Data were thus subjected to discriminant analysis using the LEfSe pipeline in order to identify taxonomic units whose abundance was significantly different between C1 and C2 (Figure 3, Supplementary Table S3, and Supplementary Figure S5). Cluster C3, which contained only three quarters, was excluded from the analysis. Discrimination between clusters occurred at high taxonomic levels such as phylum. Bacteroidetes and Proteobacteria were more abundant in C1 than C2, with relative abundances of 20.2% and 13.8% in C1 and 13.5% and 11.7% in C2. This was notably related to a higher abundance of Flavobacterium and the Comamonadaceae family in C1. On the contrary, Firmicutes were more abundant in C2 than C1 (42.9 and 25.2%, respectively).
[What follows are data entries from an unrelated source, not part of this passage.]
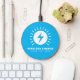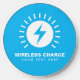 Wireless phone charger with electric bolt logo. Electric power voltage logo charger. Custom template design. Modern charger bolt spark icon with business name, quote or slogan. Blue or custom color.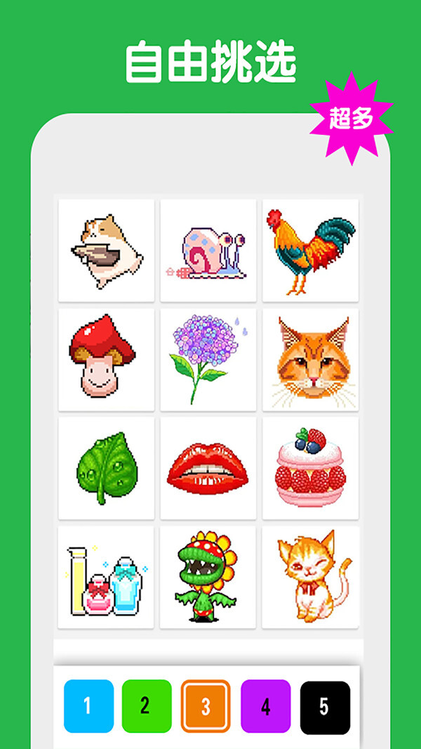 1.起源与发展:数字填色像素涂色游戏是在涂色游戏不断演变、发展与创新的过程中诞生的,它融合了像素艺术与数字填色的特色元素,如今已成为广受欢迎的休闲益智类游戏。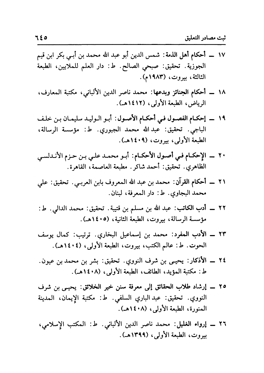 - إرشاد طلاب الحقائق إلى معرفة سنن خير الخلائق: يحيى بن شرف النووي. تحقيق: عبد الباري السلفي. ط: مكتبة الإيمان، المدينة المنورة، الطبعة الأولى، (١٤٠٨ هـ).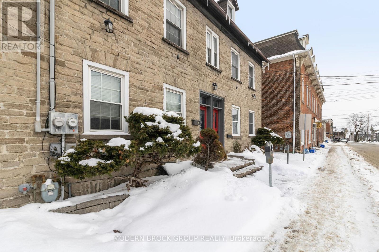 Centrally located mixed-use property offering flexible main-floor space suitable for commercial or residential use, paired with an upper-level residential unit. The main floor features a kitchen and three-piece bathroom, allowing for a variety of potential configurations depending on buyer needs. The layout provides functional separation between living and work areas, with character elements throughout. The main floor space is currently connected to the adjoining unit at 33 Perth Street, allowing for an expanded footprint if purchased together, or it can be closed off and operated independently. The second floor unit is a tenanted residential apartment, providing consistent rental income. This unit offers a practical layout with defined living areas, kitchen, bathroom, and bedroom space. The property includes rear access via Church Street, along with two parking spaces located in the lot behind the building. Positioned steps from shops, restaurants, and waterfront amenities, 35 Perth Street benefits from strong pedestrian exposure while maintaining the enduring appeal of Brockville's historic stone and brick architecture. (id:64974)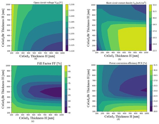 In contrast, when the thickness of the CsGeI2Br is less than , decreases while, , , increase with the thickness of the CsGeI3, as in Figure 2. Indeed, few photons are absorbed by layer CsGeI3 because of their small thickness size. This implies that the absorption of photons can be improved when the thickness of the CsGeI3 layer is large, as shown in Figure 2d. The photons can easily reach the CsGeI3 layer and contribute to the carrier’s photo-generation in this layer. This means that the amount of carrier contributing to the voltage decreases into the benefit of current as shown in Figure 2a,b because the minority carriers photo-generated are kicked out of the solar cell. This observation shows that the carriers have enough energy to leave the valence band to the conduction band and can easily be collected. Therefore, within the implementation of this prototype of PSC, the CsGeI3 layer should be thicker than the CsGeI2Br layer. In literature, the maximum efficiency of a PSC is around 33% [40,41]. This high efficiency, as shown in Figure 2d, is also due to considering the series and shunt resistance beyond the physically acceptable zone during the simulation. In addition, the limit of short circuit and open circuit voltage with respect to the band gap shows that the maximum current and voltage that can be delivered by the CsGeI3 layer are and respectively, while the CsGeI2Br layer is and [40,41]. Thus, depending on the combination of the thicknesses of the different absorber layers, the CsGeI2Br layer can operate beyond its limits and can cause significant heating of the PSC and induce damage. Therefore, as shown in Figure 2a,b,d, the contour plots in yellow must be avoided to maintain the stability of the solar cell.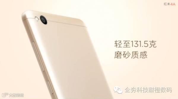 本周五晚上7时,小米公司CEO雷军和联合创始人林斌在小米直播与米粉见面,其中林斌在直播中首先为大家带来红米手机4,随后又推出一款入门级手机——红米4A。红米4A外观轻盈小巧,手机重量为131.5克,机身采用三段式金属设计,整机为磨砂质感。新机正面为一块5英寸720P显示屏,背部上下两端天线细如毛发,值得注意的是,主摄像头和闪关灯被顶端天线从穿过。红米A有金色和玫瑰金两种配色。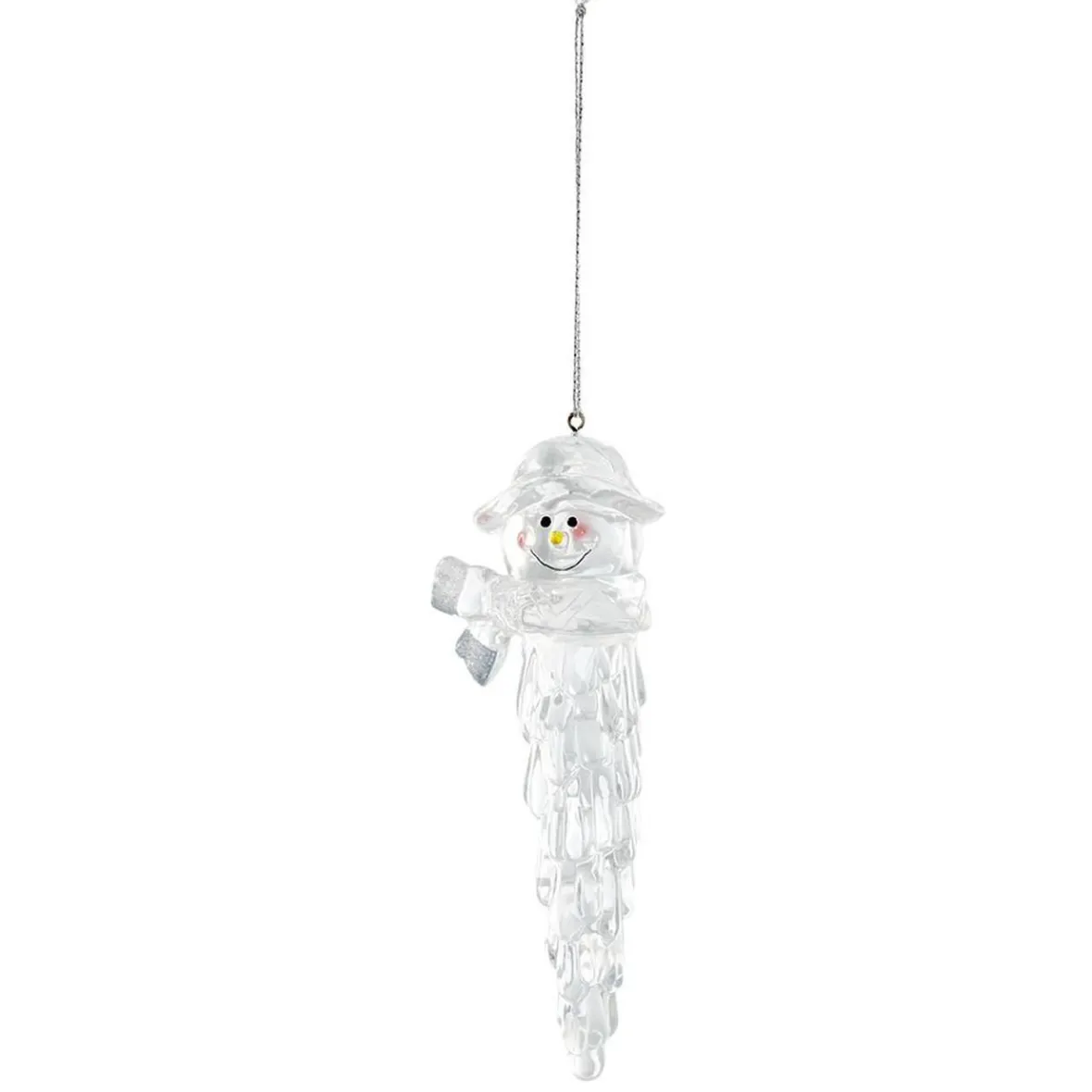 Stalactite de Noël transparente sous forme de bonhomme de neige pour décorer la maison dans une ambiance givrée.
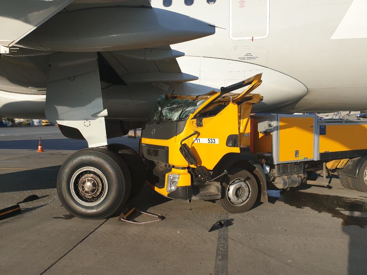Сегодня в ШРМ грузовик в самолёт врезался.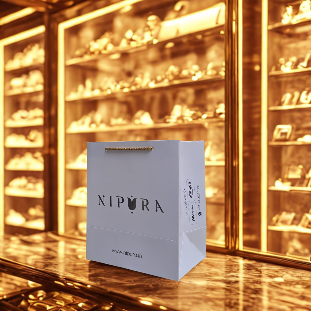 This premium luxury paper carry bag is specially designed for jewellery stores and high-end boutiques. Made from strong paper board with a smooth finish, the bag features elegant gold foiling that enhances brand visibility and gives a rich, premium look. The ribbon handle adds both style and comfort, making it perfect for carrying delicate and valuable items like diamond jewellery, silver ornaments, polki sets, and gift boxes. Ideal for jewellery showrooms, wedding collections, festive gifting, and premium retail packaging, this bag reflects sophistication and enhances the overall customer experience.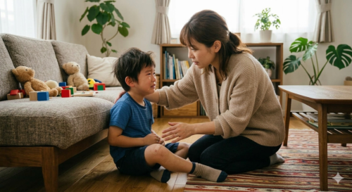お母さんがお腹をさすってくれた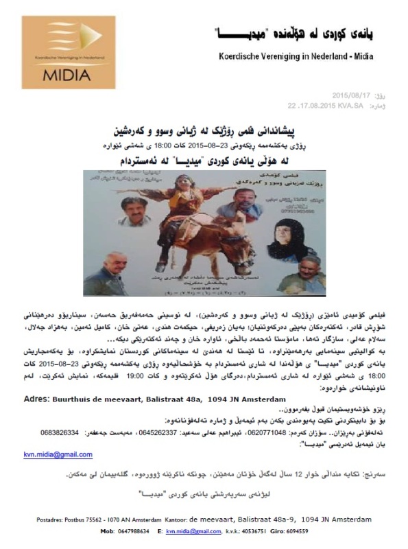 به کوالیتیی سینهمایی بهرههمێنراوه، تا ئێستا له ههندێ له سینهماکانی کوردستان نمایشکراوه، بۆ یهکهمجاریش یانهی کوردی "میدیـــا" ی هۆڵهندا له شاری ئهمستردام به خۆشحاڵیهوه ڕۆژی یهکشهممه ڕێکهوتی 23-08-2015 کات 18:00 ی شهشی ئێواره له شاری ئهمستردام، دهرگای هۆڵ ئهکرێتهوه و کات 19:00 فلیمهکه، نمایش ئهکرێت، لهم ناونیشانهی خوارهوه:

This was related to a higher abundance of the Lachnospiraceae and Aerococcaceae families, including genera such as Coprococcus, Blautia and Roseburia, and Aerococcus. Among Actinobacteria, Bifidobacterium and Corynebacterium, were more abundant in C2, whereas Candidatus Rhodoluna were more abundant in C1. This discriminant analysis performed at different taxonomic levels was supplemented by the determination of the complete list of OTUs whose abundance was different between the two clusters (Supplementary Table S4). This analysis revealed that 442 OTUs were differentially abundant between the two clusters, 338 OTUs being more abundant in C2 than C1. Half of them (226 OTUs) belonged to the Firmicutes and corresponded to several genera including Aerococcus but also Solibacillus, Staphylococcus, Facklamia, Enterococcus, and Streptococcus, although these genera were not discriminant per se between C1 and C2. Fifty-one OTUs belonging to the Lachnospiraceae family, including several Coprococcus OTUs, and seventy OTUs belonging to the Ruminococcaceae family, including several Ruminococcus OTUs were also more abundant in C2. In addition, among OTUs whose abundance was higher in cluster C2, 54 OTUs belonged to the Actinobacteria, with several OTUs corresponding to the Bifidobacterium, Corynebacterium, and Nocardiodes genera, and 86 OTUs belonged to the Bacteroidetes including several Bacteroides OTUs. Endly, 45 OTUs corresponded to the Proteobacteria, including few Acinetobacter OTUs.

FIGURE 3

Figure 3. Taxonomic representation of differentially abundant taxa between C1 (contains mainly G1 and G2 quarters) and C2 (contains mainly G4 and G5 quarters) at day 0 for Firmicutes Actinobacteria Bacteroidetes and Proteobacteria as determined by the LEfSe pipeline. Differences are represented by the color of the cluster where the taxon is more abundant (red indicates C1 and green indicates C2). See Supplementary Table S3 for a complete list of discriminant taxa.

Dynamics of Teat Cistern Microbiota in the Two Main Clusters of Samples in Response to ODM

Teat cistern microbiota composition and diversity were further explored in 18 quarters at D3 (seven C1, nine C2, and two C3 quarters) and 14 quarters at D14 (four C1, nine C2, and one C3 quarter) to evaluate the impact of transition to ODM on teat cistern microbiota. Due to the limited number of quarters in C3, analysis was only performed for C1 and C2. No significant differences of alpha-diversity indices occurred over time for C1, whereas a significant decrease in the Chao 1 index occurred at D3 compared to D0 for C2 (Figure 2). A similar but not significant trend was observed for the observed richness (p = 0.14). Likewise, the Chao 1 index tended to be lower at D14 compared to D0 for C2 (p = 0.07). No significant differences were observed between days for C2 for the other indices.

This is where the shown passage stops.